The wakes provide us with a clue to the Filipino "happiness." Skilty's description of Filipino pessimism is one of an anticipatory coping mechanism. Because we expect the worst, we are "happy" with whatever happens. I'd suggest our "happiness" (in the sense of "masaya") is itself a coping mechanism. We joke, we laugh, albeit nervously, in times of crisis to assure ourselves all will be well.
But is all that being happy or being "masaya"? There are real differences between "happiness" and "saya." Note how we can be happy alone, but not "masaya." "Saya" is generated, and celebrated, collectively. "'Saya' is being entertaining, and entertained, all in exuberance.

But there's a downside to all this "saya." I feel "saya" is the product of a society where so much is uncertain. "Masaya" therefore celebrates the moment; it is fleeting, a burst of emotion best captured by that feeling we have when a loved one returns home after a long absence.

On the other hand, the English "happiness" generally means satisfaction with life, almost an individual peace with self. Happiness lingers on; to be happy is to say one envisions a full life in the next few years. Happiness then is the feeling one has when a loved one returns home, and you know he or she won't need to leave again for a long time.

'Saya' and happy

We are a "masaya" people, sometimes to a fault. Even in the worst of times, we will insist on throwing parties, on splurging the little we have left. As "masaya" goes, we live for the moment.

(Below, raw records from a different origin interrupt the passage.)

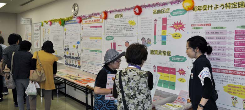 3階では<健康と体験コーナー>で、まちの保健室、赤十字奉仕団の救急法体験、食生活改善協議会の活動紹介、市民にも人気の「あかちゃんハイハイ大会」と「手形とり」に赤ちゃんや幼児を連れた若い夫婦の方たちの参加が多かった。健康づくり推進協議会では成人・予防・歯科の各コーナー別に各種相談受付や展示、身体計測などが行われた。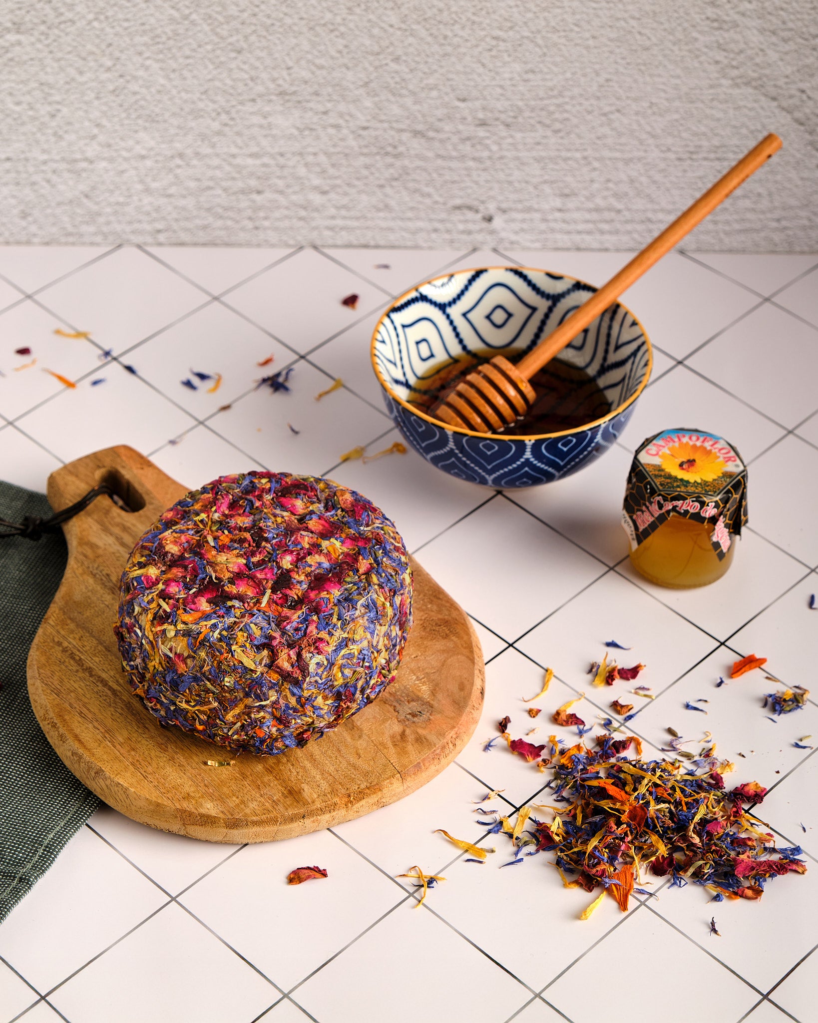 Queso Curado de Cabra con Miel y Flores y con Medalla de oro (500gr). Un queso que combina la intensidad de un queso curado con el delicado abrazo de la miel y el aroma natural de las flores comestibles.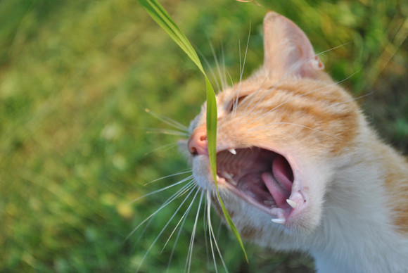 Lol. What an adorable kitty! I guess he tried to bite off more of the twig than he could chew ><
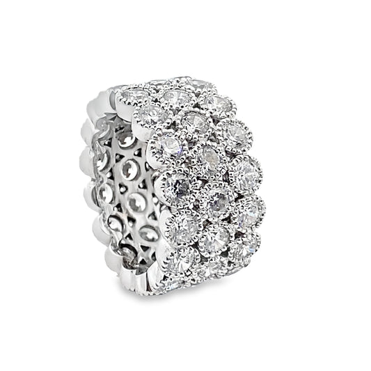 Multi Row Round-Cut Diamond Ring in 14K White Gold

Note that there's a gendered aspect to this. The Yazhou Zhoukan magazine had two photographs in its lead article about happy Filipinos: one of a group of men drinking while floodwaters swirled around them, and another of musicians performing with a large crowd of onlookers. Both photographs were striking in that almost everyone in the photos was male.

We -- Filipinos and non-Filipinos -- do tend to forget that our merry-making often involves self-indulgent males. The Yazhou Zhoukan photograph of the drinking men doesn't show the women; they were probably at home preparing the food. They were probably the ones, too, who shelled out the money for their jobless husbands.

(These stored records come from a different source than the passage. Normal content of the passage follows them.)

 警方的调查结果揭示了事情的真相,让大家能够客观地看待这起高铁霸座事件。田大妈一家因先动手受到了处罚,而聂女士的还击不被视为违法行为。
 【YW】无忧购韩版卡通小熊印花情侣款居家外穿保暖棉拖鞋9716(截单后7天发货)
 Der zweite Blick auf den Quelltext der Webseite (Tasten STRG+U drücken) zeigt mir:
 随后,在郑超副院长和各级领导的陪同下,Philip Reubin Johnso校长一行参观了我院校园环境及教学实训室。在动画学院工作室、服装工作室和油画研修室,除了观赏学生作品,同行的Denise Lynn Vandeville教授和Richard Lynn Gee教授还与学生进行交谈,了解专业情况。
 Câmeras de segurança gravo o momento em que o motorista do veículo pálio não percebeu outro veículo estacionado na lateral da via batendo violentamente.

Male "saya" is more often self-centered; even when done with a group, as when treating the "barkada" [group of buddies] to a drinking spree, it is to assert one's status. The Filipina, on the other hand, derives her "saya" from seeing her husband or her children happy (and not just "saya").

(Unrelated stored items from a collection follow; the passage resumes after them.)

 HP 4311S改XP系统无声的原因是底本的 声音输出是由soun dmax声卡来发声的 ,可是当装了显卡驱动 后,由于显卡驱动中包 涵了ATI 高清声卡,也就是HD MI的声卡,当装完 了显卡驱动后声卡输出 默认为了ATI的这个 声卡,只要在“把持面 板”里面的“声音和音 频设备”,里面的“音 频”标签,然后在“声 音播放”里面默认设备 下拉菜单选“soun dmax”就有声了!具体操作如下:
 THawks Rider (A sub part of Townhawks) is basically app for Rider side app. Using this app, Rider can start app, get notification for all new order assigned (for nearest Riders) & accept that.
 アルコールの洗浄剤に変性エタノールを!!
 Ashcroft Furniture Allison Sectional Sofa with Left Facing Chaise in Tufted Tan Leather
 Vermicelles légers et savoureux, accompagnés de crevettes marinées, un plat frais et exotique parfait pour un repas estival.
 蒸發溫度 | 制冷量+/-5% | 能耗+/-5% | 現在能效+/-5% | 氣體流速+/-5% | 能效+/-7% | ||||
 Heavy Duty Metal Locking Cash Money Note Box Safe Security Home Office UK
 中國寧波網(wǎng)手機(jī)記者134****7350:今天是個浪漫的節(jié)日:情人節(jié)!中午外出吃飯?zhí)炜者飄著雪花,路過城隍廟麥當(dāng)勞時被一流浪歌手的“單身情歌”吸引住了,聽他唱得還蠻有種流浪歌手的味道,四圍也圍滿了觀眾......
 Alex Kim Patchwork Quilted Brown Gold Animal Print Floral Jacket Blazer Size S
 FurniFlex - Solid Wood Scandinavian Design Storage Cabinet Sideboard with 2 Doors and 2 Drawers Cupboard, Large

(I'm generalizing here about the Filipina. I was just thinking of Gloria Macapagal-Arroyo's "masayang" proclamation, after the congressional circus, that we have just witnessed a "glorious day" in Philippine history. Note here another possible use of "masaya": One could tell the President, "Masaya ka!" -- a way of indicting her schadenfreude, her gloating over the nation's misery.)

I digress. Gloria moments aside, we need to find a way to integrate "saya" and happiness. Certainly, there is much to admire in our ability to be merry amid adversity, in being able to infect others with our good cheer so we can all better weather our many crises. But we need to recognize, too, how ephemeral "saya" can be; eventually, we need to buckle down and get things done, even if it means less merriment.

"Saya" is making the best out of the worst, for the moment. But we need to extend this sense of "saya" to being able to think, "Our country, our children, deserve more." "Saya" should be one of the means toward a goal of happiness, rather than just a coping, almost masochistic, mechanism to deceive ourselves into believing we are a happy people.